Lower confidence values will detect more objects but may introduce false positives.

maxDetections integer Min: 1 Max: 20 Default: 6: Limits the maximum number of elements (faces, hands, or people) that will be detected and masked in the image. If there are more elements than this value, only the ones with highest confidence scores will be included.

maskPadding integer Min: 0 Default: 4: Extends or reduces the detected mask area by the specified number of pixels. Positive values create a larger masked region (useful when you want to ensure complete coverage of the element), while negative values shrink the mask (useful for tighter, more focused areas).

maskBlur integer Min: 0 Default: 4

Extends the mask by the specified number of pixels with a gradual fade-out effect, creating smooth transitions between masked and unmasked regions in the final result.
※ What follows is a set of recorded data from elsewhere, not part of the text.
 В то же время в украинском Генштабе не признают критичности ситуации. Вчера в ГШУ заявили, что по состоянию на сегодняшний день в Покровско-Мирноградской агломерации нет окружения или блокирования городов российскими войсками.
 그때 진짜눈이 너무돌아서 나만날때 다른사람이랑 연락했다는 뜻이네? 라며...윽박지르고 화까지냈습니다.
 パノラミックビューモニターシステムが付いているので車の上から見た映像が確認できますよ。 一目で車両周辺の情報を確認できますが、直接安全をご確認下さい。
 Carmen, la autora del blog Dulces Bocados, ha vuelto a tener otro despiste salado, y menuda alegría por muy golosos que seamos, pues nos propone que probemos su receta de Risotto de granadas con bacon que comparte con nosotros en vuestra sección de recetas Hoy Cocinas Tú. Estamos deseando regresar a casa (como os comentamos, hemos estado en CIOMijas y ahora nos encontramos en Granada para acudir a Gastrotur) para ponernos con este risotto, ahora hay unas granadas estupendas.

Note: The blur is always applied to the outer edge of the mask, regardless of whether maskPadding is used.

Response

Results will be delivered in the format below. It's possible to receive one or multiple images per message. This is due to the fact that images are generated in parallel, and generation time varies across nodes or the network.

{
  "data": [
    {
      "taskType": "imageMasking",
      "taskUUID": "d06e972d-dbfe-47d5-955f-c26e00ce4960",
      "imageUUID": "90422a52-f186-4bf4-a73b-0a46016a8330",
      "detections": [
        {
          "x_min": 505,
          "y_min": 237,
          "x_max": 588,
          "y_max": 337
        }
      ],
      "maskImageURL": "https://im.runware.ai/image/ws/0.5/ii/a770f077-f413-47de-9dac-be0b26a35da6.jpg",
      "cost": 0.0013
    }
  ]
}

taskType string: The API will return the taskType you sent in the request. In this case, it will be imageMasking. This helps match the responses to the correct task type.

taskUUID string UUID v4: The API will return the taskUUID you sent in the request. This way you can match the responses to the correct request tasks.
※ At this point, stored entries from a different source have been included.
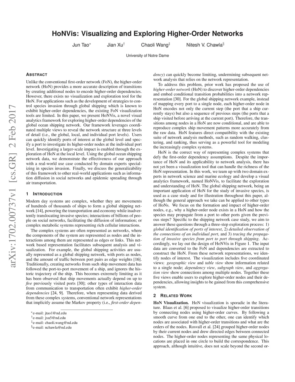 Unlike the conventional first-order network (FoN), the higher-order network (HoN) provides a more accurate description of transitions by creating additional nodes to encode higher-order dependencies. However, there exists no visualization and exploration tool for the HoN. For applications such as the development of strategies to control species invasion through global shipping which is known to exhibit higher-order dependencies, the existing FoN visualization tools are limited. In this paper, we present HoNVis, a novel visual analytics framework for exploring higher-order dependencies of the global ocean shipping network. Our framework leverages coordinated multiple views to reveal the network structure at three levels of detail (i.e., the global, local, and individual port levels). Users can quickly identify ports of interest at the global level and specify a port to investigate its higher-order nodes at the individual port level. Investigating a larger-scale impact is enabled through the exploration of HoN at the local level. Using the global ocean shipping network data, we demonstrate the effectiveness of our approach with a real-world use case conducted by domain experts specializing in species invasion. Finally, we discuss the generalizability of this framework to other real-world applications such as information diffusion in social networks and epidemic spreading through air transportation.
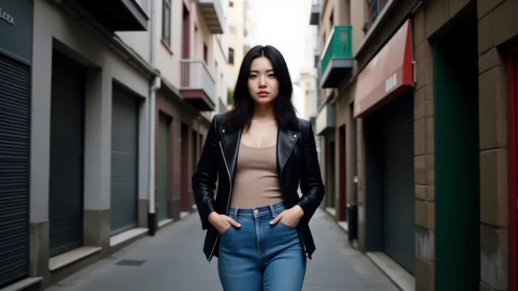 A young Asian woman kys, black leather jacket, beige tank top, blue slim-fit jeans, stylish and confident, urban alley, European-style buildings, closed storefronts, soft natural lighting, street fashion, cinematic shot
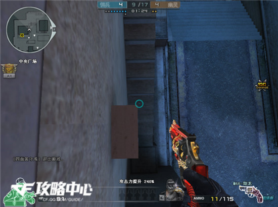 如下图,先从中央广场跳上二级平台,跳的时候尽量斜跳,更加方便
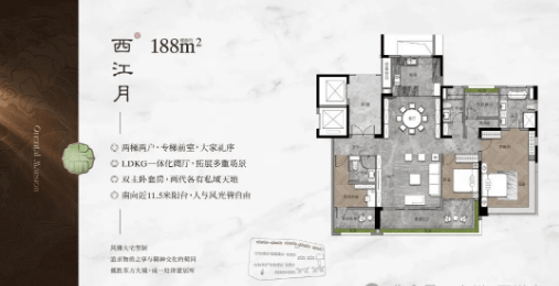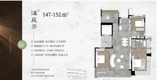 143㎡四房两厅两卫:专梯入户,超大面宽客厅,双主卧设计,满足大家庭需求。
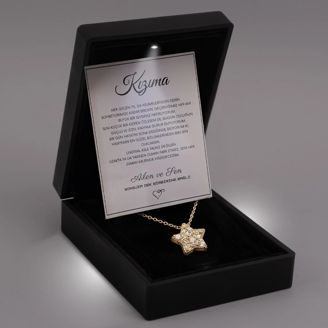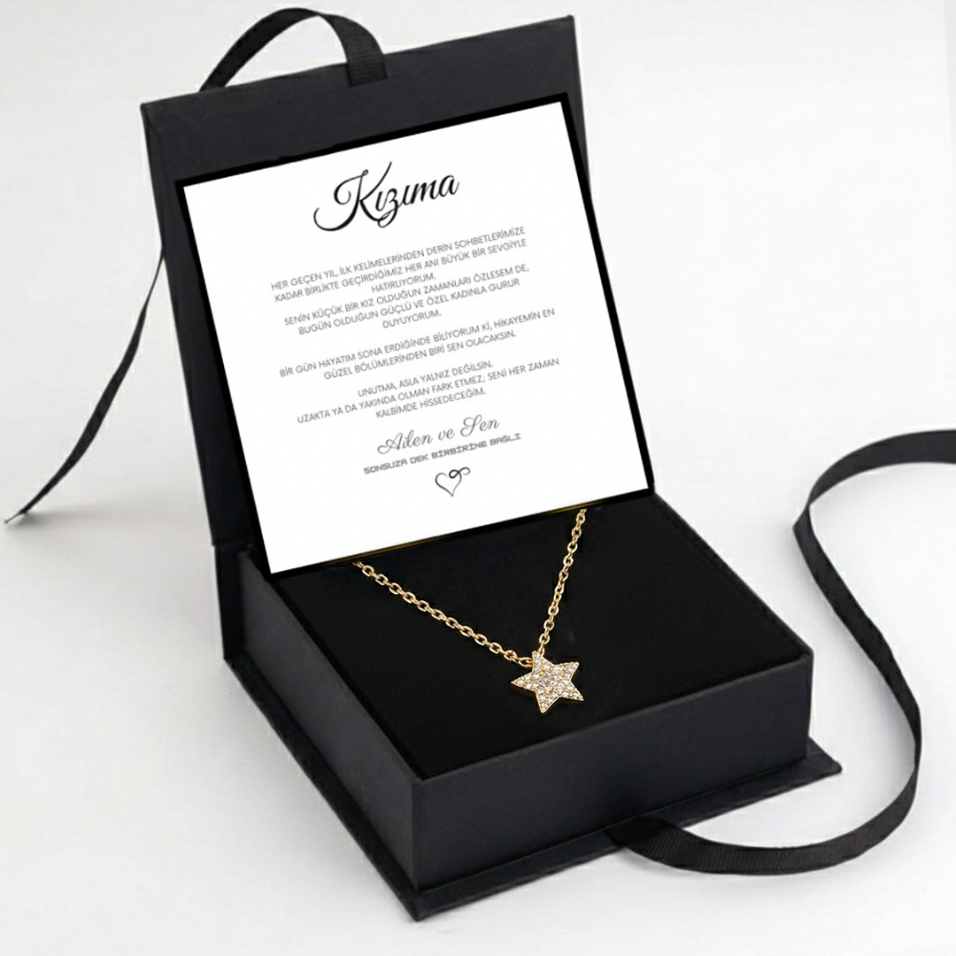 "Kızıma" Elmas İşlemeli Star Kolye Anlamlı Not ve Kutulu

inputImageUUID string UUID v4: The unique identifier of the original image used as input for the masking task.

detections array

An array of objects containing the coordinates of each detected element in the image. Each object provides the bounding box coordinates of a detected face, hand, or person (depending on the model used).
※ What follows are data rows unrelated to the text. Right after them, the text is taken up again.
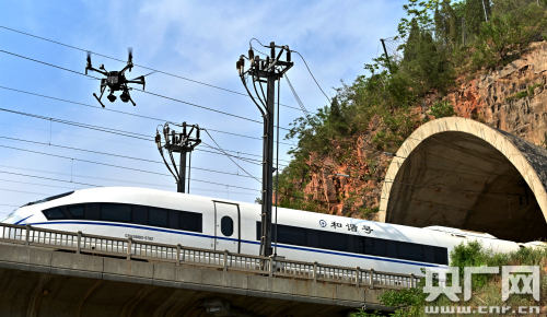 央廣網鄭州6月16日消息 6月8日15時20分,在鄭西高鐵余頂隧道西端附近,一架特制的黑色無人機從地面“一躍而起”,上升至50多米的高空后懸停 ,“俯瞰”著整個隧道口。
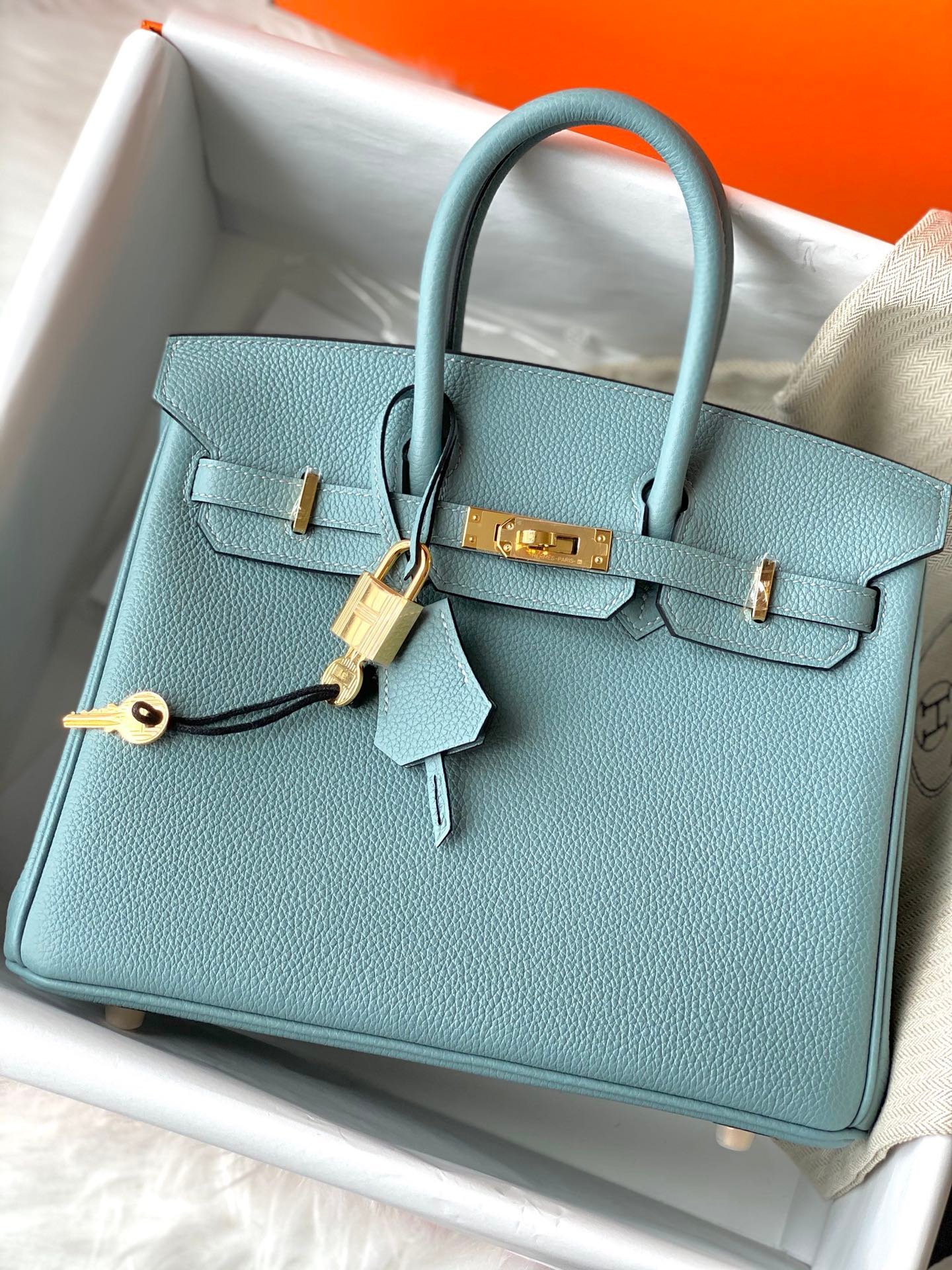 Hermes Birkin25cm azure togo leather and gold buckle, platinum in the form of casual, spontaneous, can be used as a briefcase and travel boarding bag, to attend a variety of occasions when it, the gas field!
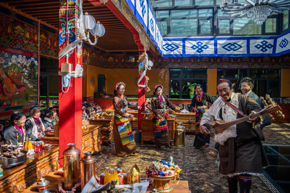 2023年1月22日,在位於(yu) 西藏日喀則拉孜縣紮西宗鄉(xiang) 雜村的家中,次旦老人的兒(er) 孫們(men) 一邊彈紮念琴一邊跳舞,慶祝藏曆農(nong) 家年。新華社記者 孫非 攝
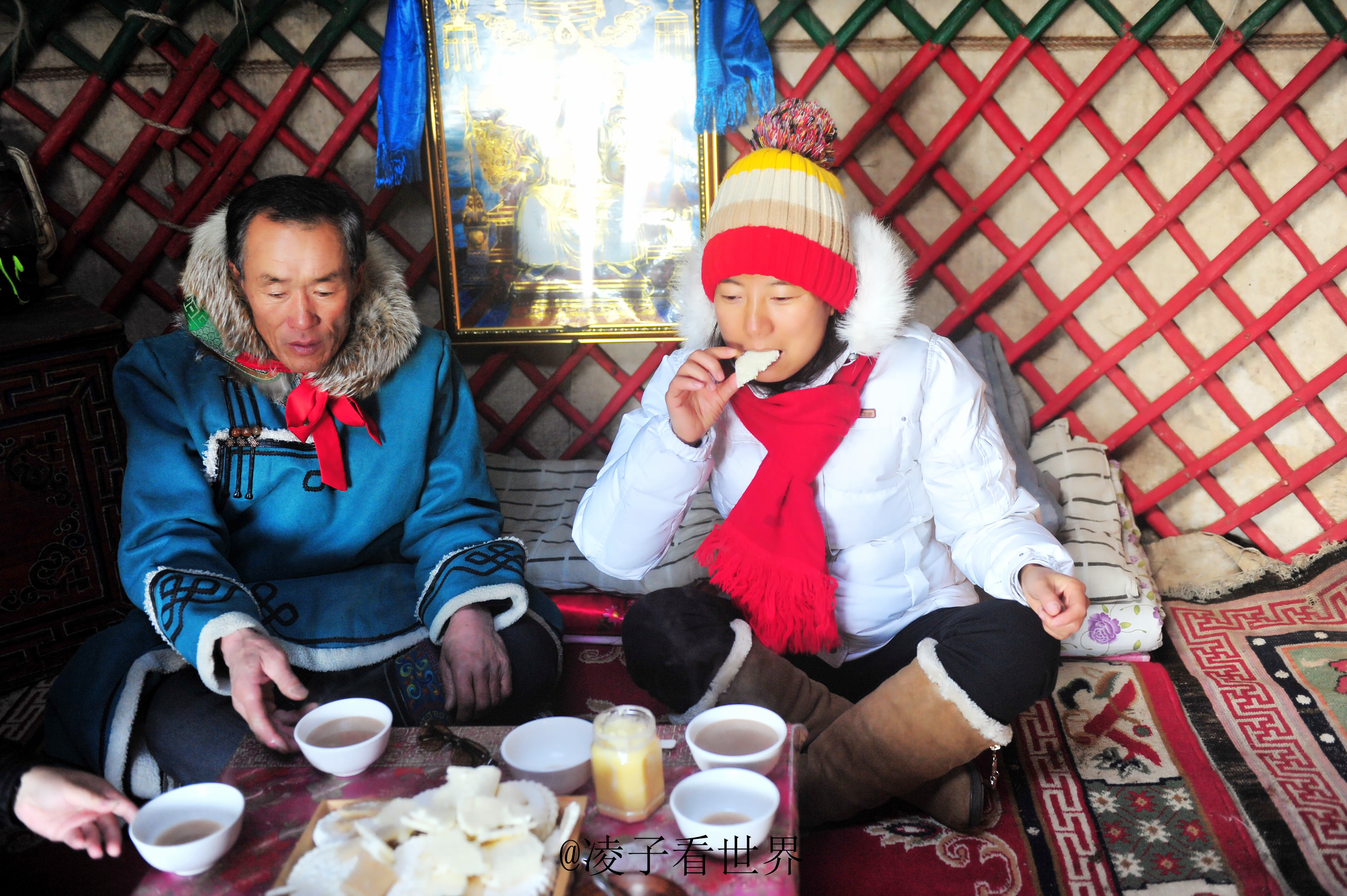 一来我们就在草原和骆驼玩耍,呆的久了,还真是有点冷。进蒙古包喝奶茶吧,热情的一家人早早的就生起火炉,开始为远道而来的客人准备奶茶。一进去浓郁的茶香就扑面而来,美丽的蒙族姑娘热情为大家盛上热乎乎的奶茶,小桌上摆满了奶酪,奶豆腐,粿条,都是他们亲手制作的。喝奶茶一定要放炒米,黄油。这些都是他们招待贵宾时才会吃得这般丰盛,平时他们可能也就喝茶吃个饼什么的。
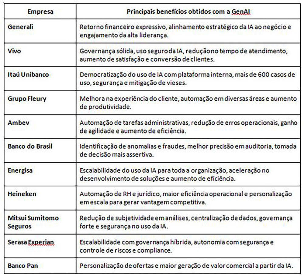 O levantamento mapeou as práticas adotadas por grandes empresas no Brasil, como Ambev, Vivo e Itaú Unibanco, e identificou cinco pilares que diferenciam as organizações mais maduras em GenAI: alinhamento da IA à estratégia de negócio; integração ampla e automação corporativa; democratização de dados; criação de plataformas internas com governança estruturada; e foco em eficiência operacional e personalização.
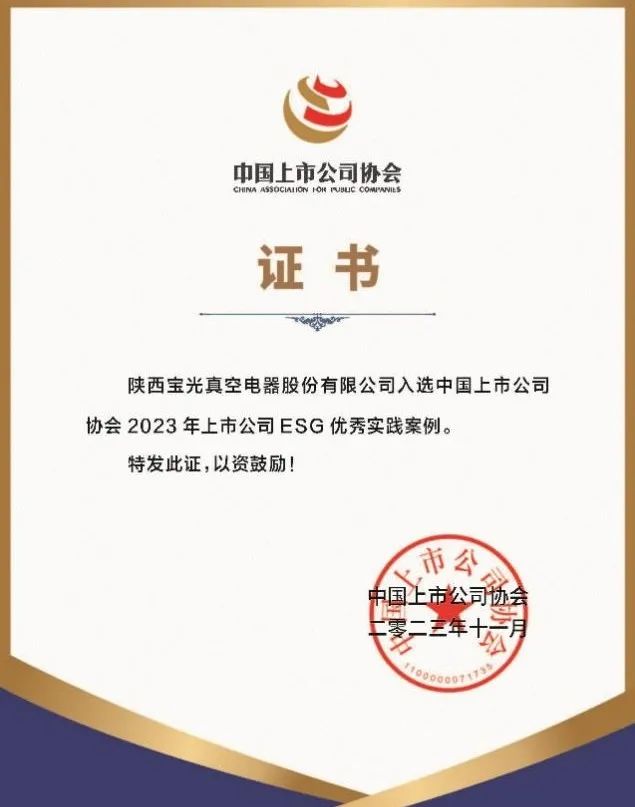 后續(xù),中國上市公司協(xié)會將匯編形成《中國上市公司ESG最佳實踐案例2023》在可持續(xù)發(fā)展大會上發(fā)布。獲評優(yōu)秀ESG實踐案例,充分展現(xiàn)了寶光股份在完善ESG治理體系、貫徹綠色發(fā)展理念、履行社會責(zé)任等方面的優(yōu)秀做法。

Each detection object includes:

x_min: Leftmost coordinate of the detected area
y_min: Topmost coordinate of the detected area
x_max: Rightmost coordinate of the detected area
y_max: Bottommost coordinate of the detected area

These coordinates can be useful for further processing or for understanding the exact location of detected elements in the image.

maskImageUUID string UUID v4: The unique identifier of the mask image.

maskImageURL string: If outputType is set to URL, this parameter contains the URL of the mask image to be downloaded.

maskImageBase64Data string: If outputType is set to base64Data, this parameter contains the base64-encoded data of the mask image.

maskImageDataURI string: If outputType is set to dataURI, this parameter contains the data URI of the mask image.

cost float: if includeCost is set to true, the response will include a cost field for each task object. This field indicates the cost of the request in USD.